The effect of time on cognitive impairments after non-traumatic subarachnoid haemorrhage and after traumatic brain injury.

Brain Inj 2018 16;32(12):1465-1476. Epub 2018 Jul 16.

a Dep. of Clinical Sciences, Danderyd Hospital , Karolinska Institutet , Stockholm , Sweden.

Objectives: To compare the effect of time on cognitive impairments after Subarachnoid Haemorrhage and Traumatic Brain Injury and explore associations with baseline variables and global function.

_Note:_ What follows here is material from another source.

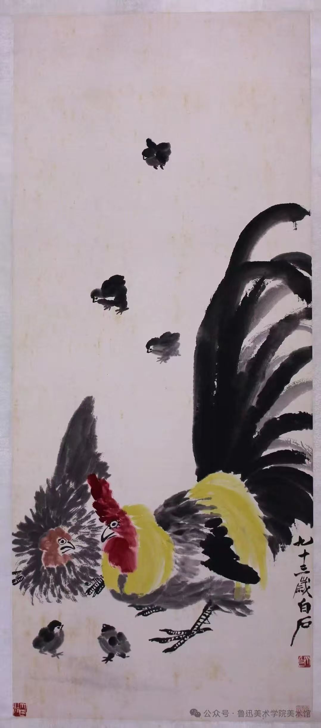 作品中五只鸡雏围绕在双亲身边觅食玩耍,温馨和谐,其情融融。齐白石在章法布局及笔墨掌控上尽显功力,雌雄二鸡姿态舒展,五只鸡雏聚散有致,用笔古朴、稚拙且有力透纸背之感,其篆隶之笔展现无余。
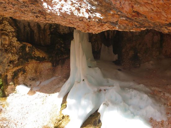 Entgegen aller Vorhersagen lag Draußen noch kein Schnee als wir aufwachten, es war jedoch mit 6 Grad Celsius deutlich kühler als gestern. In der kleinen Bakery holten wir uns frisch gebackene Zimtschnecken und heißen Kaffee und beschlossen noch ein wenig zu wandern. Wir fuhren zum Mossy Cave Trail, einem ca. 1-stündigen Roundtrip. Leider führte der Wasserfall aktuell fast kein Wasser, die Wanderung am Bach entlang machte trotzdem Spaß. In den Hanging Gardens sahen wir sogar tatsächlich noch einige Eisgletscher. Plötzlich begann es dann doch leicht zu Schneeregnen. Da weder wir, noch unser Cabrio auf solches Wetter vorbereitet waren, machten wir uns schnell auf den Weg in tiefere Gefilde.

Methods: Patients with a Glasgow Coma Scale score of 3-13, were assessed at 3, 6 and 12 months post injury by use of BNIS for cognitive impairment, RLAS-R to categorise cognitive and behavioural function, Barthel Index to assess performance of daily living, HADS to screen for depression and anxiety, and EuroQoL-5D, LiSat-11 and Glasgow Outcome Scale Extended to assess global function.

Results: BNIS T-scores did not differ significantly between groups and the proportion of patients with cognitive impairments was not significantly different at any time point. Cognition improved significantly between all time points in both groups except from 6 to 12 months after TBI. Generalised estimating equation showed non-significant signs of slower recovery of BNIS T-scores over time after SAH. Acute GCS scores were associated with BNIS T-scores after TBI but not after SAH. At 12 months, similar proportions of patients with SAH and TBI had good outcome.

Conclusions: Cognitive improvements after SAH and TBI exhibit similarities and correlate with global function. GCS scores are associated with outcome after TBI but not after SAH.